I’m building this regex with a positive look ahead in it. Basically it must select all text in the line up to last period that precedes a “:” and add a “|” to the end to delimit it. Some sample text below. I am testing this in gskinner and editpadpro which has full grep regex support apparently so if I could get the answers in that for I’d appreciate it.
The regex below works to a degree but I am unsure if it is correct. Also it falls down if the text contains brackets.
Finally I would like to add another ignore rule like the one that ignores but includes “Co.” in the selection. This second ignore rule would ignore but include periods that have a single Capital letter before them. Sample text below too. Thanks for all the help.

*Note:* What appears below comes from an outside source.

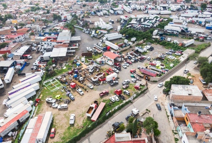 En operativo conjunto de la Fiscalía del Estado de Jalisco y Guardia Nacional en una bodega en la colonia Salvador Portillo, en Tlaquepaque, luego de un cateo en el que se inspeccionaron un total de 54 vehículos, 32 resultaron con irregularidades en sus placas o números de serie y siete con reporte de robo.Encabezado por la Unidad de Investigación de Robo a Vehículos de Carga Pesada, el operativo se realizó por atraco previo a un tracto camión marca Kenworth, color tinto, modelo 2008 y cuyos datos de prueba permitieron dar con su ubicación en la calle Tamiahua número 468, a su cruce con calle De la Rosa, en la colonia citada, por tal motivo se solicitó la orden de cateo a un juez de control.Con el respaldo de peritos del Instituto Jalisciense de Ciencias Forenses en materia de autenticidad automotriz, se logró la identificación de la totalidad de las unidades, mismas que fueron aseguradas por contar con reporte de robo o alguna irregularidad.Entre los automotores se encuentran una camioneta Nissan NP300, en color blanco; una camioneta Mazda CX3, modelo 2019 y en color rojo; una Dodge Ram 3500, color negro, sin placas de circulación; una Toyota Rav4, color blanco y de modelo 2021; un tracto camión Kenworth tipo Tracor, en color blanco; una Chevrolet Tahoe, color plata y un Kenworth color negro, sin laminillas, ni engomado y sin placas de circulación. También, un tracto camión tipo volteo Kenworth, color gris; un tracto camión de la marca International; otro International tipo grúa, color blanco y de modelo 2013, con placas del estado de Oaxaca; un Jeep Gladiator modelo SD, color gris; una camioneta Jac en color azul, sin placas de circulación y con número de motor borrado.Otros vehículos que fueron asegurados por esta representación social son una Ford tipo F-450, modelo 2020 en color blanco; un Mazda 3, modelo 2016, blanca, remarcada y con placas sobrepuestas; un tracto camión Volvo, en color rojo, sin placas de circulación y sin engomado; un Volkswagen Jetta Sport, color rojo, sin placas y con reporte de robo y una Honda CRV modelo SD, en color blanco.Además, se lograron asegurar una Toyota Hilux modelo 2020 en color plata, con placas sobrepuestas; un vehículo Audi Q8, modelo SD, remarcado; una camioneta Dodge Durango modelo SD, en color plata; un Mitsubishi Eclipse, modelo 1995; una Toyota Rav4, en color blanco y de modelo 2021; una Toyota Hilux, blanca y sin placas; un Jetta color rojo sin placas de circulación y con reporte de robo del mes de enero del 2020; una Mercedes Benz, color verde, modelo 2010; una Honda CRV Touring turbo, azul, modelo 2017; una Toyota Hilux, color gris oxford, con placas sobrepuestas; un Jeep tipo Rubicon en color morado, modelo 2022 y una Toyota Rav4, color blanco, remarcada.Casi al final de la revisión, fueron asegurados un camión torton sin motor, color morado; una cabina color azul sin marca y número visible; una cabina de un International, color blanco; una caja seca en color blanco sin placas ni número de serie; una caja refrigerada de la marca Great Dane, en color blanco; una cabina con reporte de robo sin violencia del 7 de julio de 2021 y un remolque narizon, en color negro.Incluso se inspeccionó al interior de un contenedor adaptado para oficina dentro del cual se localizaron varios cartuchos útiles, un cargador, diversos documentos, laminillas de identificación vehicular y placas de circulación, los cuales fueron resguardados por peritos de criminalística.La finca quedó resguardada a disposición del agente del Ministerio Público, quien colocó los sellos de clausura y ordenó el traslado de los vehículos asegurados a los depósitos oficiales.JL

^(?:[^|]+\|){3}(.*?)[^(?:Co)]\.(?=[^:]*?\:)
121| Ryan, T.N. |2001. |I like regex. But does it like me (2) 2: 615-631.
122| O' Toole, H.Y. |2004. |(Note on the regex). Pages 90-91 In: Ryan, A. & Toole, B.L. (Editors) Guide to the regex functionality in php. Timmy, Tommy& Stewie, Quohog. * Produced for Family Guy in Quohog.
I don’t think I understand what you want to do. But this part
[^(?:Co)]is definitely not correct.With the square brackets you are creating a character class, because of the
^it is a negated class. That means at this place you don’t want to match one of those characters(?:Co), in other words it will match any other character than “?)(:Co”.Update:
I don’t think its possible. How should I distinguish between L. Co. or something similar and the end of the sentence?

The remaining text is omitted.